Indeed, it’s our anticipation of the worst possible outcomes that gets in the way more often than not. We envision negative consequences for our actions. And yet more often than not, a missed kettlebell lands safely on the grass, a sauna relaxes us, and an ice bath brings alertness. For me, the ayahuasca ceremony gave me a new perspective and answered questions that I didn’t even know I had about the deep bonds I have in my marriage, my connection to a lineage of ancestors and my vulnerability to electronic addictions. 

I began this journey by accepting the possibility of catastrophe. I knew my inquiry might lead nowhere. I also knew I might get injured or even die while seeking answers. But I kept going. I pushed through. Despite some doubts along the way, I believed I would come out the other side better, stronger and more resilient, that my life would be richer for it. When I think about my own death—no matter how I end up meeting it—I want to know that my choices made a difference. I do not want to have my final moments consumed by the notion that I was passive when I could have been active. Of course, I know that if I do this kind of work long enough, it’s likely that I’ll get hurt at some point. But that doesn’t mean the journey won’t be worth it.

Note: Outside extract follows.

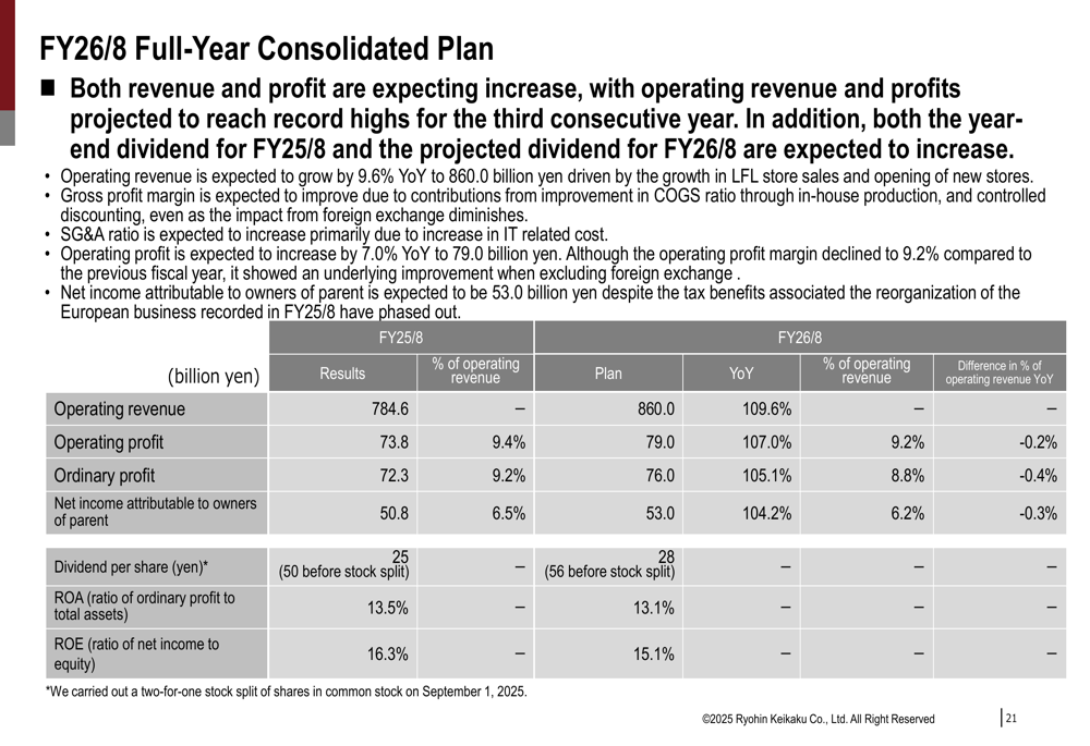 Olhando para o ano fiscal 26/8, a Ryohin Keikaku espera alcançar recordes em receita operacional e lucros pelo terceiro ano consecutivo:

This book and the wedges I’ve introduced are the tip of an iceberg. They’re exercises, practices and ideas that speak especially strongly to me. They’re examples of challenges that I needed to try, stressors that I needed to push up against in order to grow. Some of these wedges showed me powerful new ways to enter into a flow state. Others let me reprogram patterns in my nervous system. But it was my journey. Your life—the time between birth and death that the gods grant you—is your journey. It’s your Wedge. What you do with this opportunity is up to you. 

And just maybe, somewhere on your journey you will catch hold of that thread that connects the choices of every iteration of every Russian doll to a consciousness that none of the parts can comprehend on its own. In this way, we can all be individuals and the universe at the same time.